Это как с Плотью и Кровью, опошленных до вина и мертвечины; точно так и с осуществлением ожидаемого: мы всегда получаем не совсем то, к чему стремились.

И я опять посмотрел на бритого человека с роскошной синей бородой.

Далее: я не мог знать этого человека лично (а меж тем его прозвище слышали все) – и на грани моего само-мнения уже замаячило некое прозрение…

Да и молниеподобное мгновение никуда не уходило (не иссякало, не просыпалось песчинками – сон длился и длился): как-то так получилось, что мановением ока я вспомнил его имя и фамилию!

Звали его Жиль де Рэ, маршал Фанции, бывший видный сподвижник Орлеанской Девы; я к тому же ещё и «вспомнил» (будто наяву при этом присутствовал), что якобы он когда-то на свои деньги собрал отряд наёмников и двинулся к Руану освобождать Жанну.

Что будто бы уже на подходе к городу увидел дым от костра.

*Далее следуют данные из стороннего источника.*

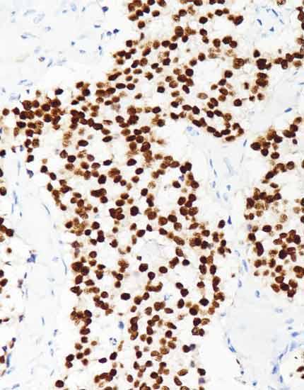 卵巢浆液性癌,Pax-2染色,细胞核阳性
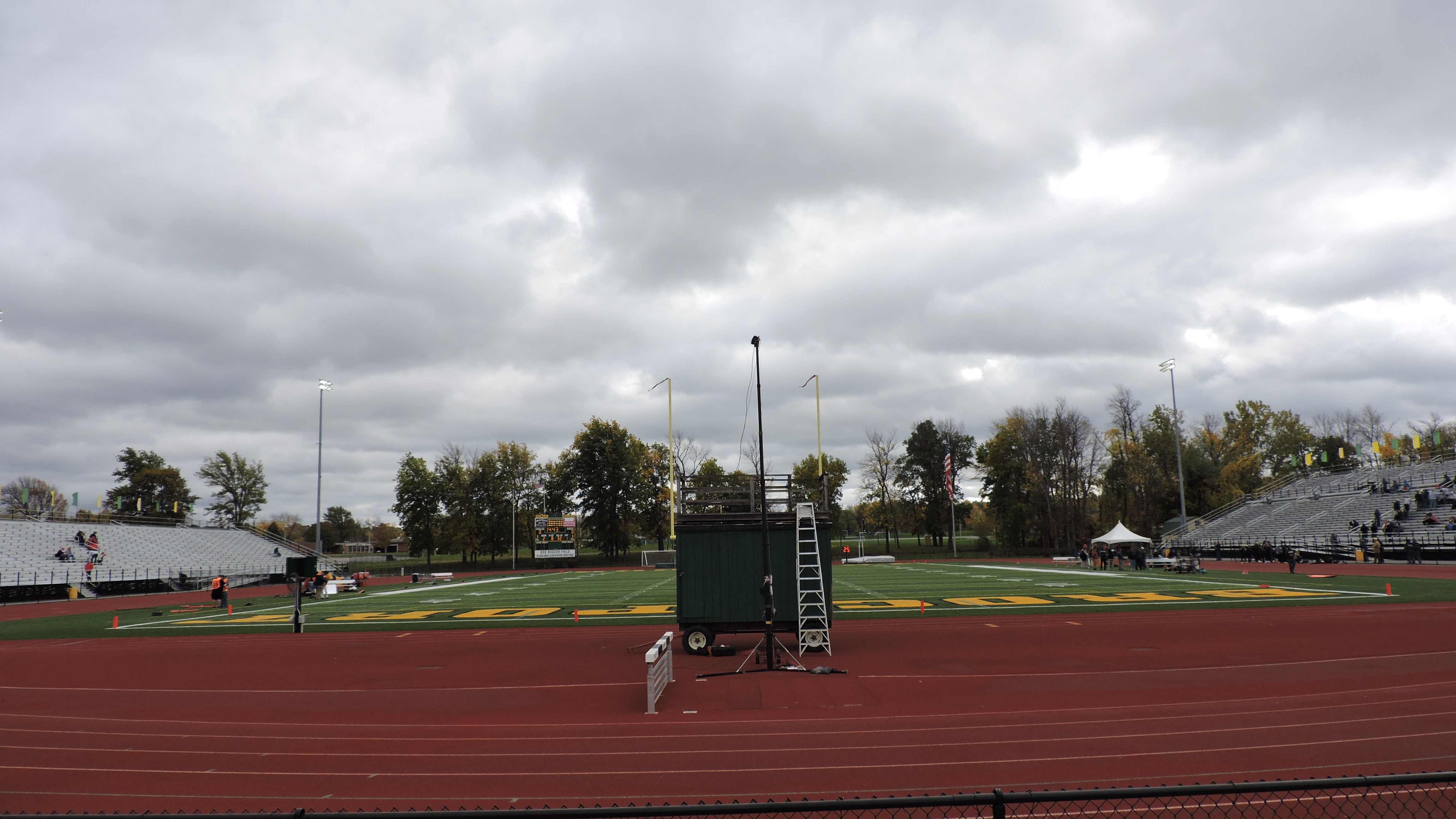 Metal bleachers make up the seating on each sideline and the bulk of the capacity is on the west/home side. These certainly resemble high school set-ups, but they can hold a lot of people and that is evident by a walkway about two-thirds up, which gives an upper/lower feel to it. A two-story press box is centered at the top and flags alternating between green and yellow fly along each side from the press box. The field of play is quite far from the stands, due not only to a track, but also a wide walkway between the track and first seats.

Так он опоздал, но (следуя продолжению мифа) – не смирился.

Впрочем, это всего лишь одна из версий реально и ирреально происшедшего тогда (и продолженного – сейчас); а ведь существуют ещё несколько – помимо того, что было на самом деле.

Он стоял передо мной, высокий сине-черно-кареглазый (не)синебородый человек с узким красивым лицом. Одет он был странно для нашего санкт-ленинградского ноября, но доспехов (по счастью) на нём не было.

– Синяя Борода? – сказал я.

– Да, – сказал злодей и герой.

Я знал одну из версий этой реальной (то есть страшной) сказки: былой сподвижник Девы, будучи чрезвычайно богатым, знатным и влиятельным человеком, стал реально сходить с ума (в долину, где растут деревья смысла) и восставать против той псевдо-реальности, в которой Деву, перед которой преклонялся, пошло и подло сожгли.

Я спросил:

– Зачем вам борода? В вашей реальности её у вас не было.

– А чтобы мы с вами обошлись без долгих представлений.

Я кивнул.

Он улыбнулся.

Я вспомнил: ходили слухи, Жиль де Рэ (как профан) пробовал заниматься магией. В чём, собственно, его и обвиняли; отсюда и страшная сказка о нём, отсюда его всемирная слава (хотя – не такая всемирная, как у прокуратора Иудеи).

Я улыбнулся в ответ: очевидно, его профанации и мои «мысленные» эксперименты-«вивисекции» (и над «телом реальности», и над телами различных мифов) – они просто-напросто сталкивали нас на этих пересечениях плоских овеществлений.

Сталкивали (аж до кремниевого искрения) – сейчас и здесь.

И тогда злодей и герой (сейчас и здесь) – отвечая, поднёс руку к подбородку и словно бы ластиком стёр с него растительность; зачем?

Пустое телодвижение.

Бороды – всё равно не было, одна мифическая видимость.

– А чтобы осталось красивое умное лицо с решительным на нём выражением, – сказал Жиль де Рэ, словно бы процитировав Хармса: отправляю тебе мой портрет, чтобы ты всегда имел перед собой это умное лицо. (цитата по памяти)

Далее он продолжил:

– Вы правы, – сказал он. – Наши интересы совпали. Если Жанну сожгли, я хочу (хотел, буду хотеть) её воскресить.

Я опять улыбнулся. Известное дело: по одной из версий Жиль де Рэ и занялся чёрной магией с человеческими жертвоприношениями, чтобы воскресить свой кумир.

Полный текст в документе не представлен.